Executive Summary
Clinical research has always been an integral part of medical care: in many countries the two cannot be dissociated. Clinical Trials are the mechanism for the testing of new approaches to cancer prevention, diagnosis, and treatment. As such they are a critical component of the National Cancer Program and the National Cancer Institute's (NCI) research program. The NCI clinical trials program represents a unique opportunity to improve the survival and quality of life of patients with cancer, and to translate basic research into clinical application.
The clinical trials system is complex, involves many participants, and requires collaboration at all levels--between investigators and physicians, industry and academia, academia and NCI, and NCI and industry. In its entirety, the clinical trials system is an intricate and large research laboratory without walls. This complexity has bred inefficiencies and eroded the ability of the system to generate new ideas to reduce the cancer burden. Other challenges to clinical research, such as rapidly diminished opportunities for training, managed care, cost containment, low levels of participation in research, and diminishing levels of financial support for patient care and research have strained the system. The United States is now the world leader in both medical advances and in clinical treatment, in large part because of the excellence of clinical trials. Erosion of this structure will have a negative impact on our national health and economy over the long term.
At the same time several scientific and medical events have converged to force a reevaluation of the clinical trials system. Progress in cancer biology, genetics, immunology, imaging, and molecular biology has accelerated, creating new opportunities to pursue in clinical application. Opportunities offered through informatics and electronic communications offer an entirely new approach to communication and data transfer and analysis in the clinical research setting.

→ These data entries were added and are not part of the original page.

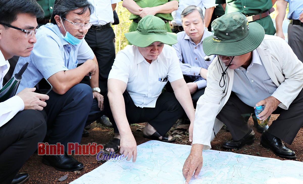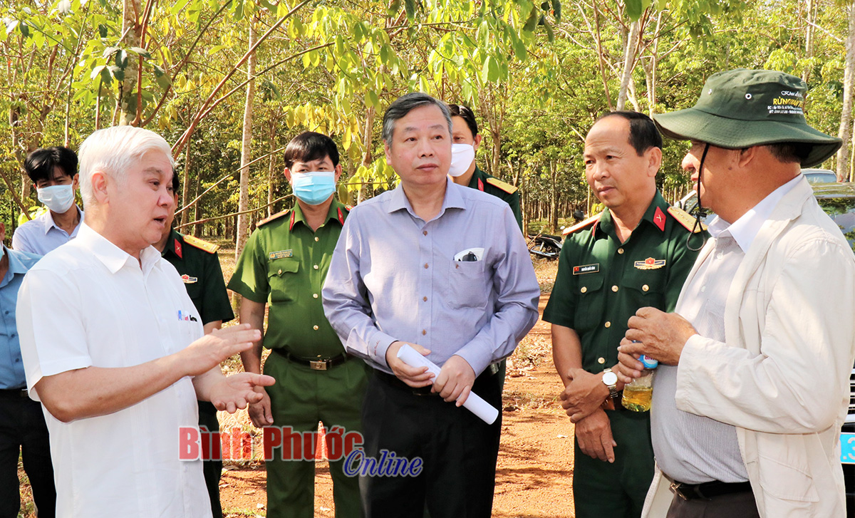 Bí thư Tỉnh ủy Nguyễn Văn Lợi (thứ nhất, từ trái qua) trao đổi với nguyên Bí thư Tỉnh ủy Nguyễn Tấn Hưng tại hiện trường sân bay Técníc Hớn Quản
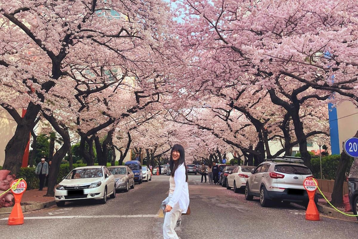 Since it was cherry blossom season, we wanted to make the most of it. After dropping off our luggage at the Busan Station lockers and having a simple breakfast at the McDonald's, we headed to Gaegeum Cherry Blossom Road, which has become an increasingly well-known cherry blossom site!
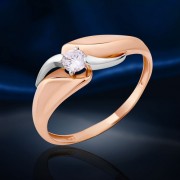 Кольцо из красного/белого золота 585 пробы с цирконием ¢ 1,0 мм
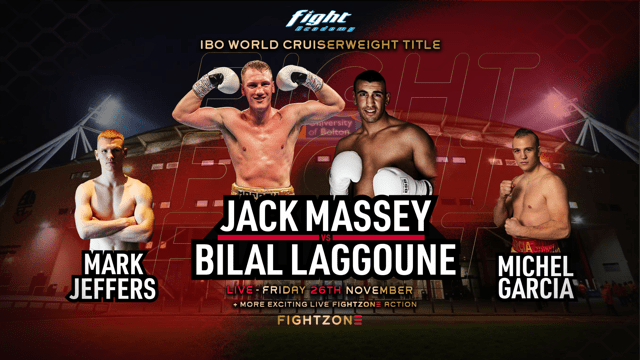 JACK MASSEY ON TRACK FOR WORLD TITLE Fight Academy’s Jack Massey gets the chance of a lifetime on November 26 when he faces Bilal Laggoune for the International Boxing Organisation (IBO) World Cruiserweight Title, at Bolton White’s Hotel – live on Fightzone. This is a massive opportunity for both men. The IBO version of the world title has previously been … Continue reading JACK MASSEY ON TRACK FOR WORLD TITLE
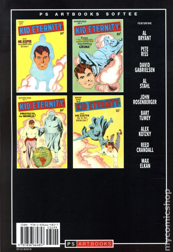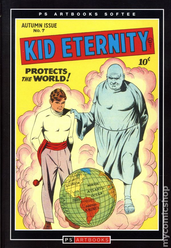 Volume 2 - 1st printing. "Mar 1947 -Jan 1948!" Collects Kid Eternity (1946-1949 1st Series) #5-8. Kid Eternity #5-8, restored in one volume by PS Artbooks, brings readers back to the golden age of comic book storytelling. Originally published in the early 1940s, these classic tales follow Kid Eternity, a supernatural hero with the power to summon historical and mythological figures to help him fight crime and injustice. In this beautifully restored collection, readers can experience vibrant vintage art and timeless adventures, all while witnessing the Kid's clever use of his powers to outwit villains. Softcover, 208 pages, full color. Cover price $32.99.
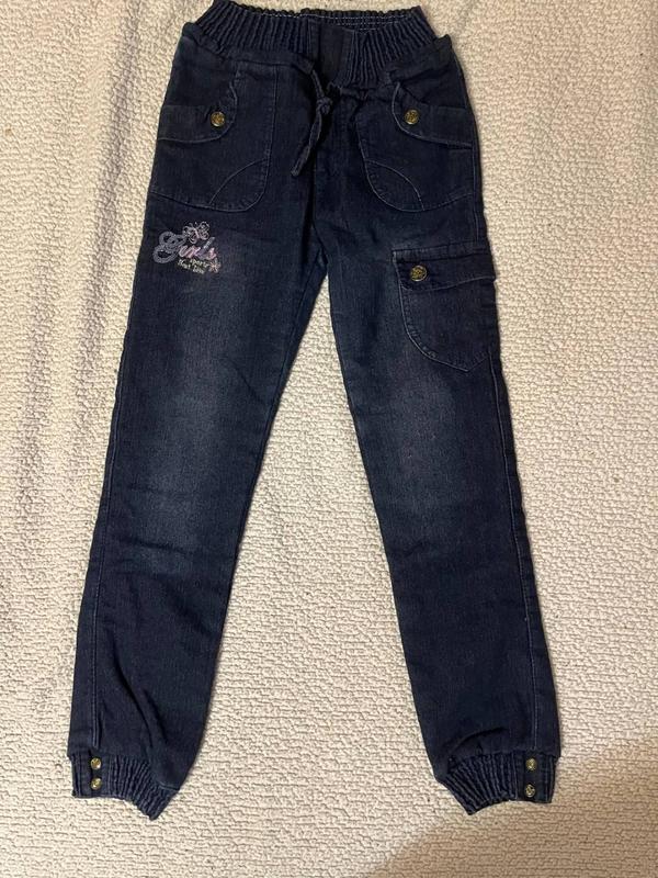 Замеры: Длина - 82 см Шаговый шов - 61 см Талия - 23 см Бедра - 41 см Ширина штанины с верха - 20 см Ширина штанины внизу - 10 см Посадка спереди - 23 см Посадка зад - 30 см Брюки имеют в середине теплую флисовую подкладку 85% - котон 15% - полиэстер Рост - 146 см
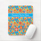 Un Mousepad de bonito a personalizar, con un patrón de flores tibias en naranja, amarillo y rojo sobre un fondo azul turquesa, de un collage de papel pintado a mano de Judy Adamson.
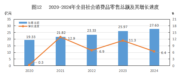 全縣實(shí)現(xiàn)社會(huì)消費(fèi)品零售總額27.63億元,增長(zhǎng)6.4%。按經(jīng)營(yíng)地統(tǒng)計(jì),城鎮(zhèn)消費(fèi)品零售額17.7億元,增長(zhǎng)6.1%,鄉(xiāng)村消費(fèi)品零售額9.93億元,增長(zhǎng)7%。按消費(fèi)形態(tài)統(tǒng)計(jì),商品零售25.48億元,增長(zhǎng)6.1%;餐飲收入2.15億元,增長(zhǎng)9.8%。
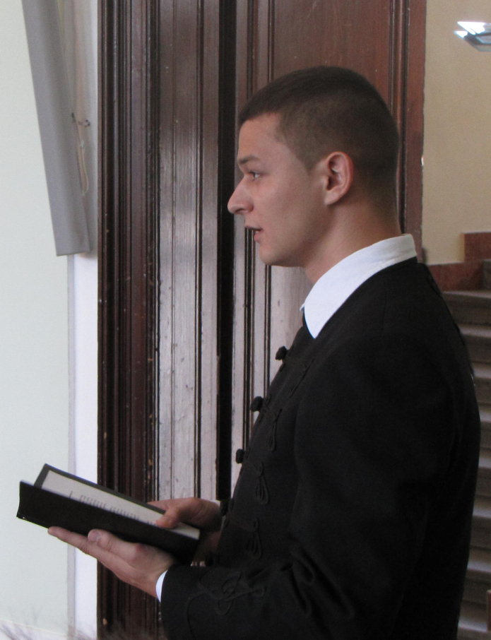 Slujba de ceremonia bazat pe Psalmul 48:13-15 a fost celebrat de Csűry István, episcop al Eparhiei Reformate de lângă Piatra Craiului. După depunerea jurământului, Kállay Benedek, reprezentantul studenților absolvenți, a rostit un discurs de adio adresat profesorilor, colegilor și părinților.
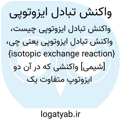 {isotopic exchange reaction} [شیمی] واکنشی که در آن دو ایزوتوپ متفاوت یک عنصر در یک مولکول یا مولکول های متفاوت جانشین هم می شوند
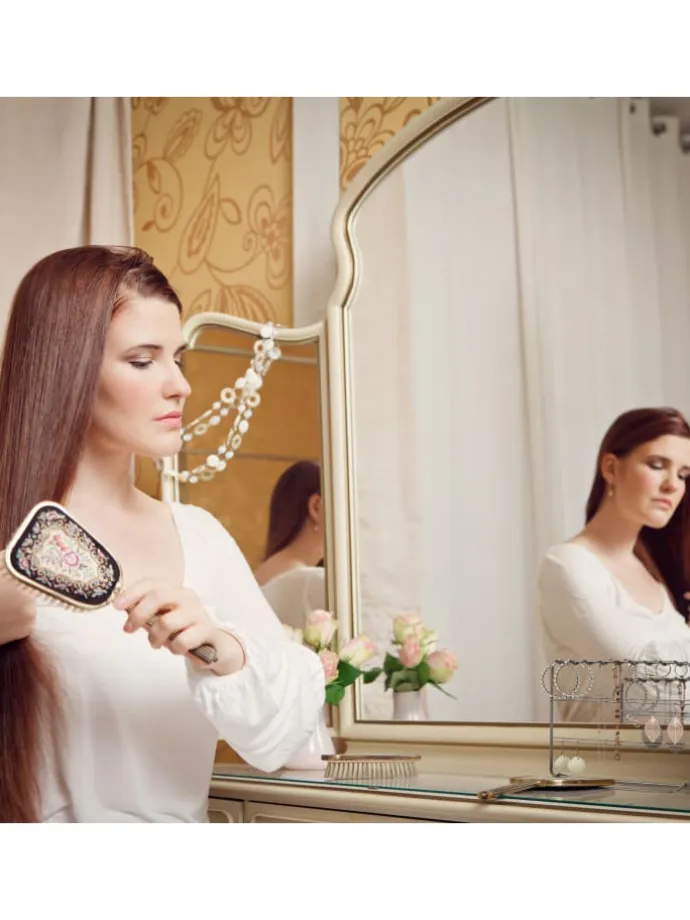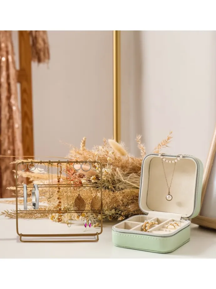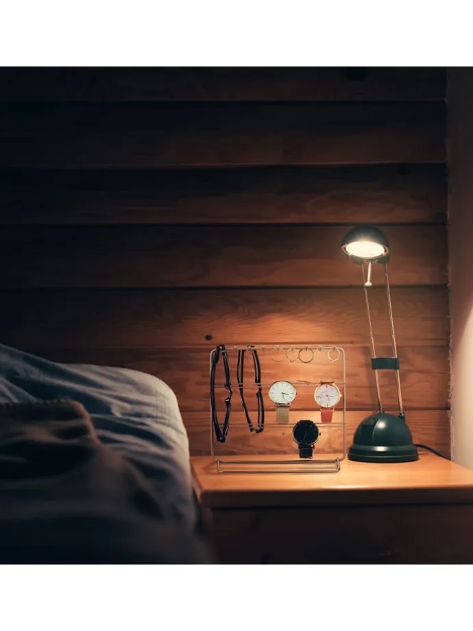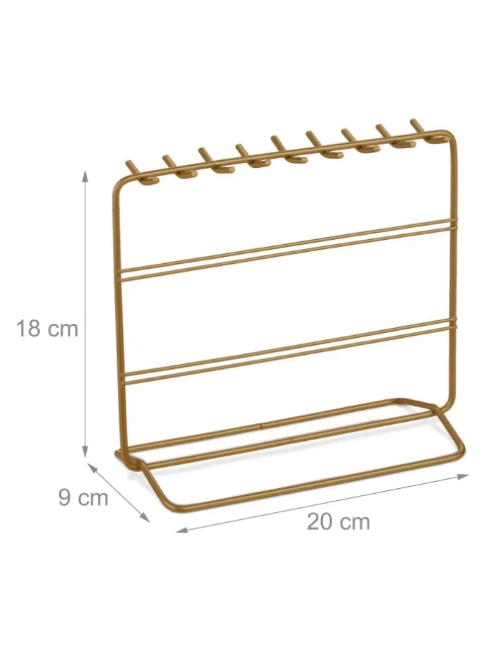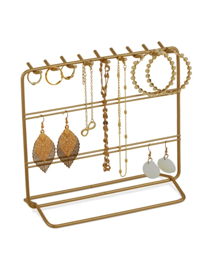 Die Schublade ist voller Schmuck, die Ketten sind verheddert und Du kannst Deine Lieblingsohrringe nicht finden? Dann ist dieser Schmuckständer die Lösung! Auf 18 Haken ist Platz für Ketten, Ringe und Armbänder. Die 4 Querstangen sind ideal für die Aufbewahrung von Ohrringen und Armbändern mit Verschluss. Doch auch Uhren sind gut auf dem Schmuckhalter aufbewahrt. Zudem ist der Ohrringhalter ein edler Blickfang auf Deinem Schminktisch oder der Kommode im Schlafzimmer.

In April 1996 the Director of NCI and the Chair of the NCI Extramural Board of Scientific Advisors convened a group to review a series of issues affecting the NCI clinical trials effort. This report is a response to that review. It addresses the question of how the cancer clinical trials system can respond to the exponential increase in new therapeutics and new technology in a changing fiscal and health care environment.
The clinical research community must find productive ways to respond to these challenges reducing the costs of research through efficiencies and by redefining study parameters, endpoints, and outcomes. In sum, the forces of expanding opportunities and contracting resources call for a new approach to setting priorities for, developing, and conducting clinical trials. In considering these challenges, the Review Group considered the following broad issues which form the structure of this report: recruiting and retention of clinical scientists; recruiting of participants to clinical trials; improving clinical trials methodology; increasing collaboration and cooperation in clinical trials; and the organizational framework and structure for implementation of clinical trials at NCI.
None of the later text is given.